Hmm...I haven't come across the "conic solution of the Kepler problem" before, so I'll have to look that up or wait for my lecturer to get to that part. But could you explain why I can't simply use the Newton's law of gravity, which states that [itex]F=\frac{GMm}{r^2}[/itex], and argue that no matter how fast the object travels away from Earth, it will always experience a deceleration and thus eventually fall back to Earth?
 
  • #4
The law you wrote is the scalar version, but forces are vectors. The acceleration vector (the force vector if you prefer) is not collinear to the velocity one for motion along a curve. The 2-body problem involves motion along a curved trajectory (a conic section).
 
  • #5
dextercioby said:
The law you wrote is the scalar version, but forces are vectors. The acceleration vector (the force vector if you prefer) is not collinear to the velocity one for motion along a curve. The 2-body problem involves motion along a curved trajectory (a conic section).

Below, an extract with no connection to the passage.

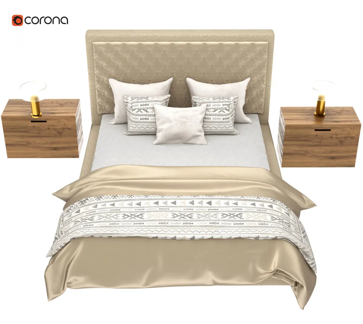 The bed is a nice-looking frame design and a royally luxurious headboard. The model is ideal for any bedroom, both in a private house and in a city apartment.The high headboard has a slight curve, which gives visual dynamism to the entire model, and it also helps to sit on the bed with maximum comfort.Formats: 3d max 2018 3d max obj+fbx

I see. But what if the trajectory of the object is not a curve? What if a rocket simply lifted off with the escape velocity radially away from the Earth?
 
  • #6
The Newtonian potential is conservative. Even for the motion you propose, you're free to increase the KE of the rocket as much as you like, which from a velocity value upwords would be higher than the Potential energy which the rocket has at the surface of the earth. The rocket would then evade the gravitational field of the Earth and would not orbit it.
 
  • #7
dextercioby said:
The Newtonian potential is conservative. Even for the motion you propose, you're free to increase the KE of the rocket as much as you like, which from a velocity value upwords would be higher than the Potential energy which the rocket has at the surface of the earth. The rocket would then evade the gravitational field of the earth and would not orbit it.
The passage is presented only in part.